Adverting to the approval of RBI, Board has co-opted Shri B Ramesh Babu as additional director and appointed him as Managing Director & CEO of the Bank as per the terms and conditions approved by the Reserve Bank of India in their meeting held on July 20, 2020 subject to the approval of shareholders of the Bank. Shri B Ramesh Babu had taken charge as Managing Director & CEO on July 29, 2020. Shareholders of the Bank approved the appointment along with the terms and conditions of remuneration consisting both fixed pay and variable pay with a mix of cash and non-cash component.

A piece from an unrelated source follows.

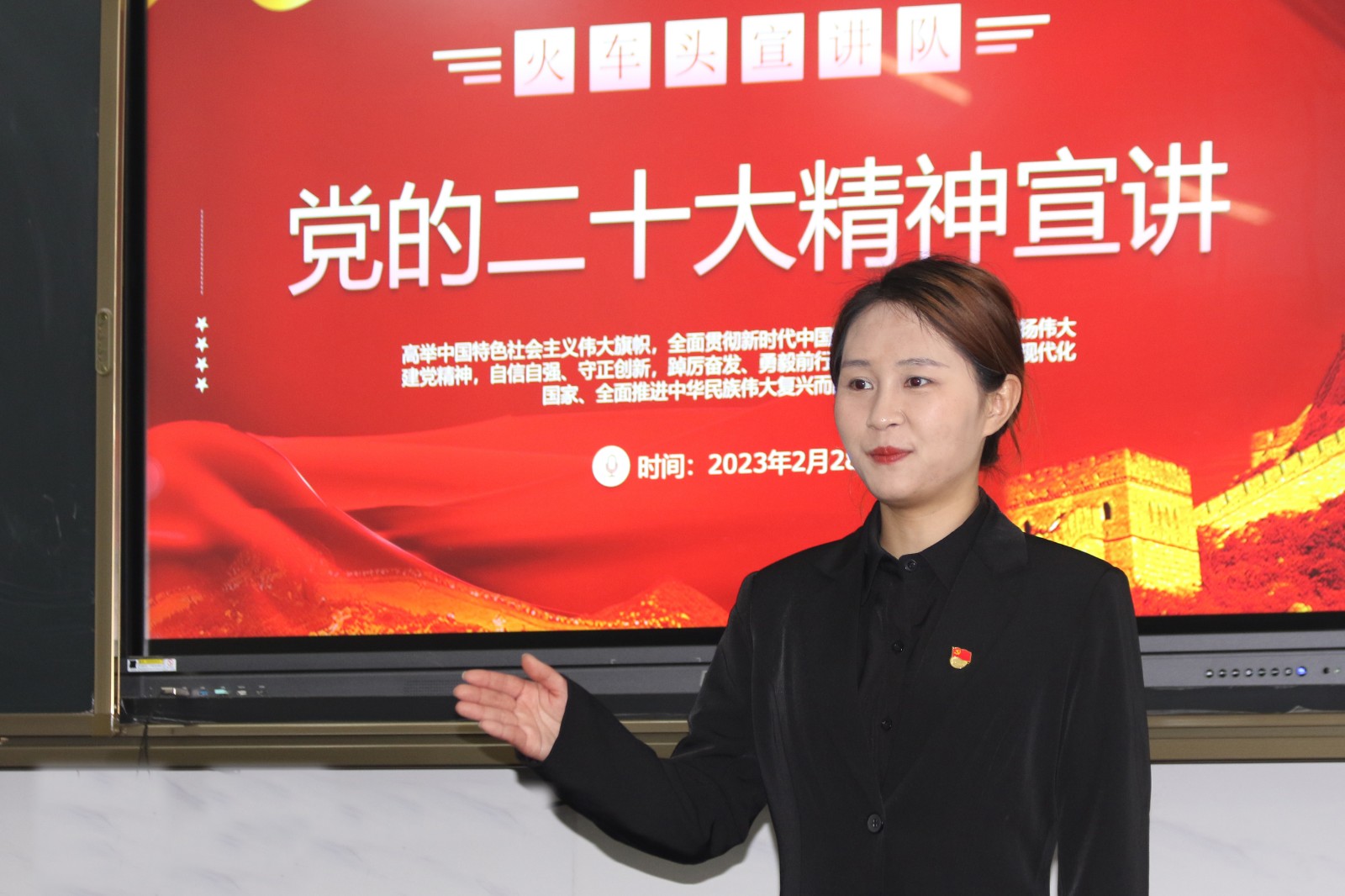 火车头宣讲队队员刘芮廷围绕党的二十大报告中关于“青年强,则国家强”的重要指示精神,以《争做时代新青年》为主题,结合自身经历勉励同学们加强学习、积极进取、求真学问、练真本领,用每一个青春奋斗的故事,接力书写中国梦征程中的生动实践,为实现中华民族伟大复兴的新征程注入蓬勃的青春力量。

The first three years term of Shri B Ramesh Babu as Managing Director & CEO would be completed at the close of office hours on 28[th] July 2023. During his term, Bank has reached the milestone business of Rs. 1,40,806 Cr and Net profit of Rs. 1,106 Cr as on 31[st] March 2023. He ensured that the topline growth performance remained unperturbed and channelized his focus on growth as also improving the Asset Quality & overall profitability. The growth in business & revenues was even among all the verticals. There was uptick in most of the important parameters and Bank also begun to register negative slippages. He ensured that the collection efficiency remained robust and enhanced the monitoring mechanism, speeding up collections/recovery. As a result, the Bank grew from strength-to-strength, on a quarter on quarter basis. During his term Bank crossed important landmarks such as ROA above 1%, NNPA significantly less than 1% and multi-quarter high Net Profits with increased market valuations.
Currently, he is Chairman of Management Committee of the Board, Special Committee for Fraud Monitoring, Corporate Social Responsibility & Environmental, Social and Governance Committee and Review committee for Wilful Defaulters and Non-Cooperative Borrowers and Member of Risk Management and Asset Liability Management Committee, NPA Management Committee, Customer Service and Stakeholders Relationship Committee, IT Strategy & Digital Transaction Monitoring Committee.
Considering Shri B Ramesh Babu’s skills, rich experience, integrity, knowledge, continued valuable contribution, performance during his first term and outcome of performance evaluation by Nomination and Remuneration Committee (NRC), the Board felt that his continued association as Managing Director & CEO would be beneficial to the Bank’s growth. Further, NRC in its Meeting held on January 21, 2023 has carried out the due diligence on ‘fit & proper’ criteria in terms of Reserve Bank of India guidelines and recommended the re-appointment & remuneration structure in term of Compensation policy of the Bank. As per recommendation of NRC, the Board in its meeting held on January 23, 2023 have considered and approved the proposal for re-appointment of Shri B Ramesh Babu as the Managing Director & CEO of the Bank with the term and conditions as mentioned in the resolution of Item No:1, for a further period of three (3) years, with effect from July 29, 2023, subject to the approval of the Reserve Bank of India and the Shareholders of the Bank, in terms of the relevant provisions of the Companies Act, 2013, the Rules made thereunder, the SEBI LODR, the Banking Regulation Act, 1949 and the Guidelines issued by the RBI in this regard.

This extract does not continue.